- Qarah Aghaj Location within Iran
- Coordinates: 39°04′29″N 44°59′14″E﻿ / ﻿39.07472°N 44.98722°E
- Country: Iran
- Province: West Azerbaijan
- County: Showt
- District: Qarah Quyun
- Rural District: Qarah Quyun-e Jonubi

Population (2016)
- • Total: 804
- Time zone: UTC+3:30 (IRST)

= Qarah Aghaj, Showt =

Village in West Azerbaijan province, Iran

Qarah Aghaj (قره اغاج) (Note: Also romanized as Qarah Āghāj and Qareh Āghāj; also known as Ghareh Aghaj Ghareh, Ghorboon, Ghorgoon, Kara Agāch, and Qareh Āqāj) is a village in Qarah Quyun-e Jonubi Rural District of Qarah Quyun District in Showt County, West Azerbaijan province, Iran.

==Demographics==
===Population===
At the time of the 2006 National Census, the village's population was 875 in 207 households, when it was in the former Showt District of Maku County.

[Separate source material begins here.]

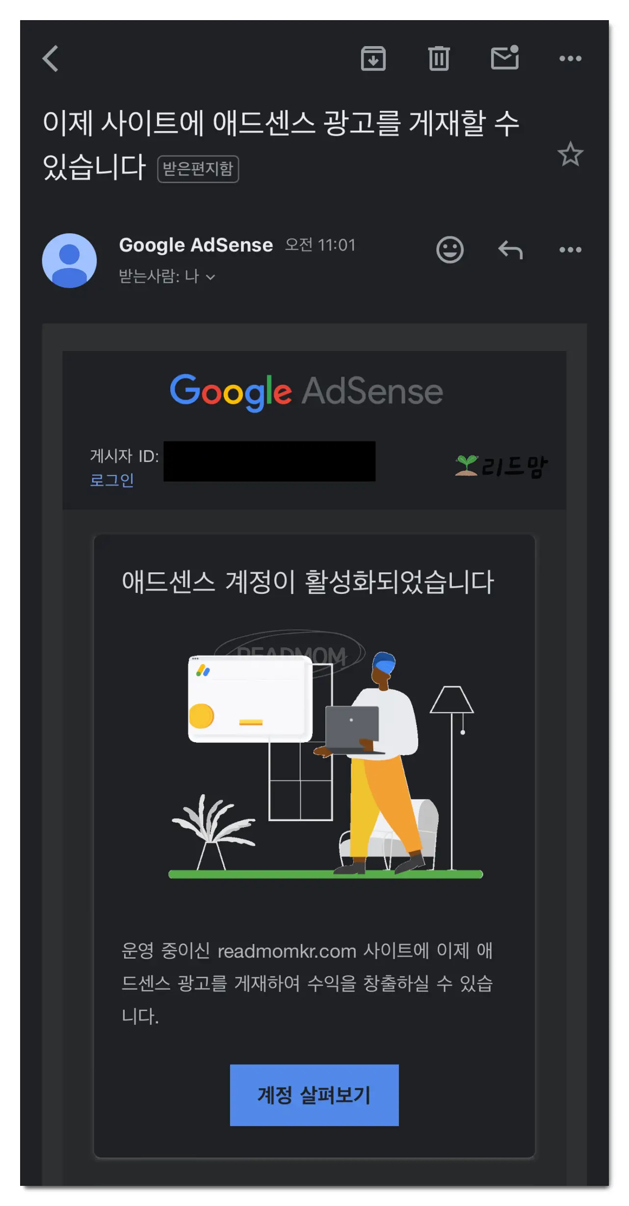 하지만 남들 다 되는 구글 에드센스 승인이 나는 왜 안되었을까? 라는 호기심이 더 강했나 봅니다. 글 쓰는 걸 좋아하기도 하고 블로그를 꾸준히 하면서 수익을 내고 싶은 욕심도 있었기에 글을 몇 개 더 꾸준히 쓰고 15개쯤 글을 썼을 때 다시 신청을 해서 결국 승인을 받았습니다.
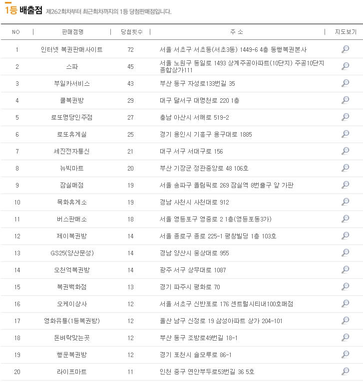 1등 당첨 판매점 로또 명당 확인

The following census in 2011 counted 817 people in 240 households, by which time the district had been separated from the county in the establishment of Showt County. The rural district was transferred to the new Qarah Quyun District. The 2016 census measured the population of the village as 804 people in 249 households.